--- Data extracts ---

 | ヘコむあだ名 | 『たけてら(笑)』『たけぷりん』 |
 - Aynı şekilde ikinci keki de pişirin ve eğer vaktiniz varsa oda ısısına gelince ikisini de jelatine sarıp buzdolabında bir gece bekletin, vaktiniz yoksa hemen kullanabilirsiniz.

---
--- Data extracts ---

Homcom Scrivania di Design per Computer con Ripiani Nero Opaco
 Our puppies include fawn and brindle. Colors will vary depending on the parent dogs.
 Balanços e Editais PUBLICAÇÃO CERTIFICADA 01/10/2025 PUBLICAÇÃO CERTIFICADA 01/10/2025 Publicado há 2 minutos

---

• What is expected:
Taking the lines above, repeat exactly those from the line that contains "Our puppies include" through the line that contains "Balanços e Editais", and both of those lines as well. Include nothing else.

• Exercise result:
 Our puppies include fawn and brindle. Colors will vary depending on the parent dogs.
 Balanços e Editais PUBLICAÇÃO CERTIFICADA 01/10/2025 PUBLICAÇÃO CERTIFICADA 01/10/2025 Publicado há 2 minutos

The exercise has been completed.